Aventri, Inc.
- Formerly: Etouches
- Type: Private
- Industry: Cloud-software, Event management
- Founded: 1998
- Founder: Leonora Valvo
- Headquarters: Norwalk, Connecticut
- Area served: North America; Europe; Middle East; Asian-Pacific;
- Services: Event management Saas
- Website: www.aventri.com

= Aventri =

American event management software company

Aventri, formerly known as Etouches, is a cloud-based event management software company based in Norwalk, Connecticut best known for its integrated events management SaaS solutions. The company has over 1,200 users spanning 35 countries worldwide, with corporations such as Coca-Cola, MasterCard and Dell part of its client mix. Aventri is a five-time honoree on magazine's Inc. 5,000 ranking of the fastest-growing private companies in America (2012 — 2016). The annual ranking also places Aventri among the top companies in Connecticut.

==History==

=== Global Executive Business Service — 1998 ===
Aventri was founded as Global Executive Business Service in 1998 by Leonora Valvo and Tim Cummins. The business operated as a fee-for-service event managing company.

=== etouches — 2008 ===
In 2008, the company relaunched as Etouches. That same year, Etouches introduced its first event management solution. In 2010, the company raised $2.5 million in the first round of venture capital investments. The lead investor was Greycroft Partners, and other investors were Connecticut Innovations and Cava Capital.

The business released its mobile app, eMobile, in 2012 so that consumers could schedule events on their cellphones. The application integrates with other etouches modules, including eReg and eSocial. Also that year, etouches received $7.75 million in Series B financing led by Level Equity.

Etouches raised $6 million in Series C round investments in 2013. In September of that year, the company appointed Oni Chukwu as president and chief executive officer. The veteran software industry executive sits on the Board of Directors of the Connecticut Technology Council and the Board of Governors for the University of New Haven. etouches expanded operations in the Middle East with the opening of a headquarters office in Dubai in 2015. The company raised $14 million in Series C funding through investors including Argentum Group, Also that year, etouches expanded its platform with the acquisition of TapCrowd, a company that creates mobile applications and provides marketing data for businesses and associations worldwide. A new partnership integrated the InGo social media marketing suite into the etouches event management platform. The company also acquired Inevention, a venue sourcing platform with an estimating tool to help planners manage the cost of offsite meetings and events.

Rapid growth earned Etouches a spot on Deloitte's 2015 Technology Fast 500 list of the fastest-growing technology companies in North America.
Also that year, SmartCEO magazine honored Chukwu with its New York Future 50 award, recognizing the region's fastest-growing, mid-sized companies.

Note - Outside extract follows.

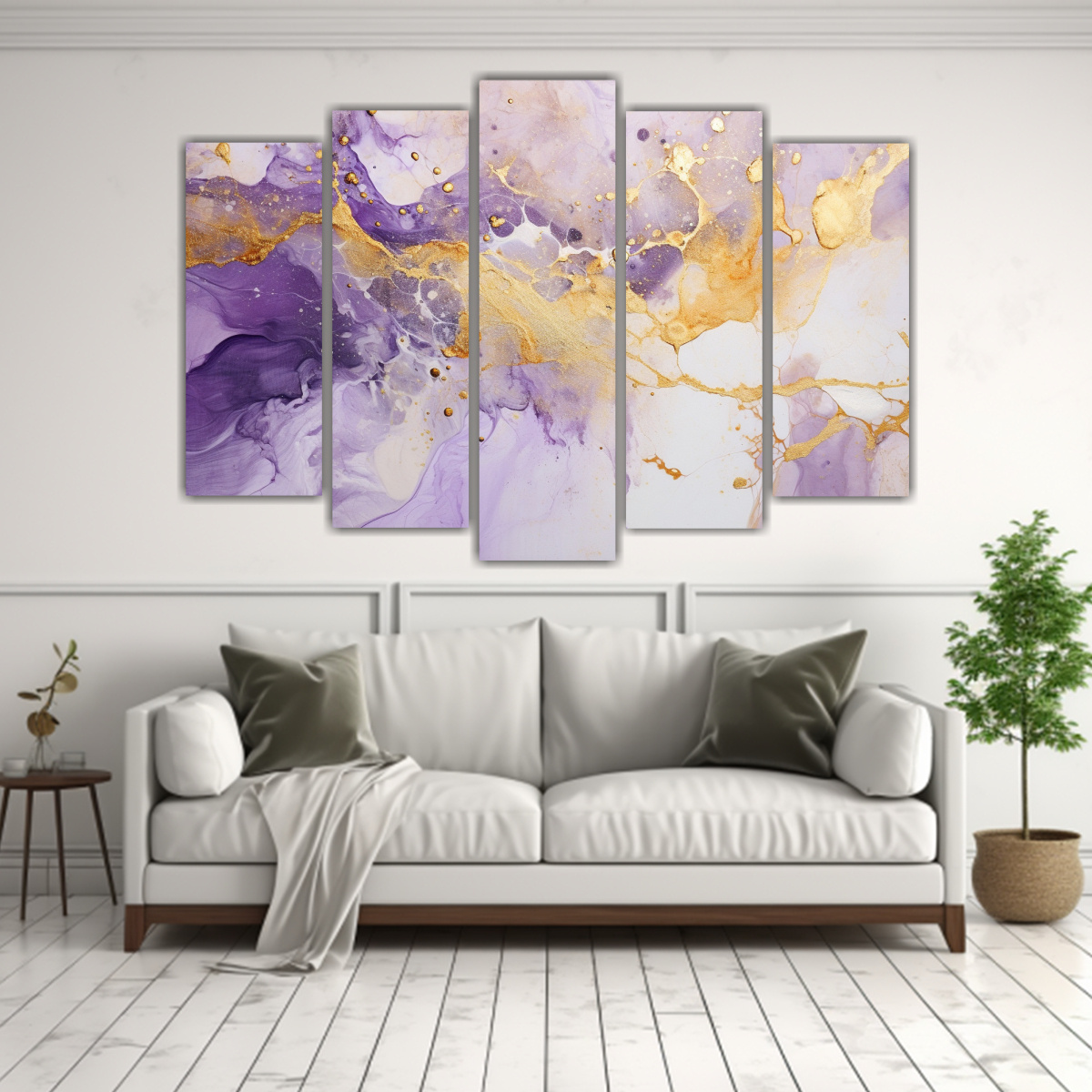 Pintura Abstracta De Remolinos Púrpuras Y Dorados.

Etouches continued to develop its end-to-end event management platform for the enterprise market throughout 2016. The company closed a $20 million funding round. Later that year, it acquired venue sourcing and booking platform Zentila. Etouches also introduced its event ROI product. etouches also integrates directly with other popular software, including Salesforce and Passkey.

On March 2, 2017, Etouches acquired LOOPD, a leading onsite data-drive technology. Two months later, on May 9, 2017, etouches was acquired by HGGC, a leading middle market private equity firm. HGGC's investment helped etouches expand its business and further invest in its market-leading cloud platform to win a greater share of the $6 billion Event Management Software (EMS) and venue sourcing market.

=== Aventri — 2018 ===
On July 12, 2018, the company rebranded to Aventri.

=== Acquisition by Meetingplay and Stova rebranding — 2022 ===
Meetingplay acquired Aventri for an undisclosed amount and both companies re-branded under a new company name, Stova.

==Locations==
Aventri is headquartered in Norwalk, Connecticut, USA with offices throughout North America and in Europe, the Middle East, and Asian Pacific. The company offers multilingual and multi-currency product versions to accommodate its global customer base.